Heterogeneity of HLA-G Expression in Cancers: Facing the Challenges

Abstract

Phenotypic heterogeneity has been observed in most malignancies, which represents a considerable challenge for tumor therapy. In recent decades, the biological function and clinical significance of the human leukocyte antigen (HLA)-G have been intensively explored. It is now widely accepted that HLA-G is a critical marker of immunotolerance in cancer cell immune evasion and is strongly associated with disease progress and prognosis for cancer patients. Moreover, it has recently been emphasized that the signaling pathway linking HLA-G and immunoglobulin-like transcripts (ILTs) is considered an immune checkpoint. In addition, HLA-G itself can generate at least seven distinct isoforms, and intertumor and intratumor heterogeneity of HLA-G expression is common across different tumor types. Furthermore, HLA-G heterogeneity in cancers has been related to disease stage and outcomes, metastatic status and response to different therapies. This review focuses on the heterogeneity of HLA-G expression in malignant lesions, and clinical implications of this heterogeneity that might be relevant to personalized treatments are also discussed.

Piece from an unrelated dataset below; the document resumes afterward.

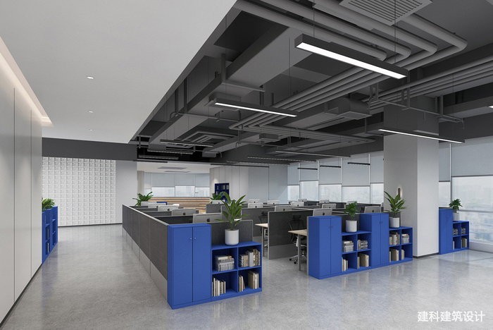 这里不是刻板的格子间,而是科技公司的灵感发电站。裸露的管线是理性的注脚,利落的灯轨织就光影韵律,冷调水泥地承托着高效节奏;而那抹撞色蓝,则是藏在秩序里的创造力开关:储物格化身知识充电站,绿植在硬朗线条里洇出呼吸感,通透窗景让思维随时与城市同频。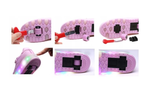Podświetlenie led uruchamia się automatycznie przy każdym kroku (tupnięciu) lub można w dowolnym czasie je włączać/wyłączać przy pomocy przycisku schowanego przy języku buta.BUTY z ROLKAMI świecące LED DziecięceDługość wkładek:Rozmiar 28 = 18CMRozmiar 29 = 18.5CMRozmiar 30 = 19.2CMRozmiar 31 = 19.8CMRozmiar 32 = 20.2CMRozmiar 33 = 20.7CMRozmiar 34 = 21.5CMRozmiar 35 = 22.3CMRozmiar 36 = 22.8CMRozmiar 37 = 23.5CMRozmiar 38 = 24CMRozmiar 39 = 24.5CMRozmiar 40 = 25CM

Keywords: HLA-G; cancer; heterogeneity; immune evasion; therapy target.

Figure 1

Different HLA-G isoforms generated by alternative splicing of HLA-G mRNA. (A) Seven identified HLA-G isoforms including four membrane-bound (HLA-G1, -G2, -G3, -G4) and three soluble (HLA-G5, -G6, -G7) molecules. The extracellular structures of HLA-G1 and HLA-G5 contain α1, α2, and α3 domains; HLA-G2 and HLA-G6 contain α1 and α3 domains; HLA-G3 contains α1 domains; HLA-G4 contains α1 and α2 domains; HLA-G7 contains an α1 domain linked to two amino acids encoded by intron 2. (B) Novel HLA-G isoforms predicted by Tronik-Le Roux et al. (20)*. N-terminal ends including the additional five amino acids (NKTPR) in HLA-G1L, and potential isoforms contain α2 and α3 domains or only the α3 domain. Novel soluble HLA-G isoforms generated by skipping exons 5 and 6, and with distinct C-terminal ends.

Figure 2

Mechanisms of both membrane-bound and soluble HLA-G-mediated immune suppression in tumor immune evasion. (A) Dynamic transferring of HLA-G by trogocytosis (membrane-bound HLA-G) and/or extracellular vesicles (EVs, both membrane-bound and soluble HLA-G) between HLA-G⁺ and HLA-G⁻ tumor cells. (B) Direct HLA-G-mediated immunosuppressive effects through engagement of inhibitory receptors (ILT2 and/or ILT4) expressed by immune cells such as T cells, NK cells, B cells, macrophages and neutrophils. (C) Indirect HLA-G-mediated immunosuppressive effects by induction of immune suppressive or regulatory cells such as tolerogenic DCs and MDSCs, which induce (D) CD4⁺/CD8⁺ T cells to become regulatory T cells (Tregs). (E) Immune effectors such as NK cells and T cells efficiently act as suppressor cells when they acquire HLA-G from HLA-G⁺ tumor cells or HLA-G⁺ immune cells via the process of trogocytosis and/or EVs.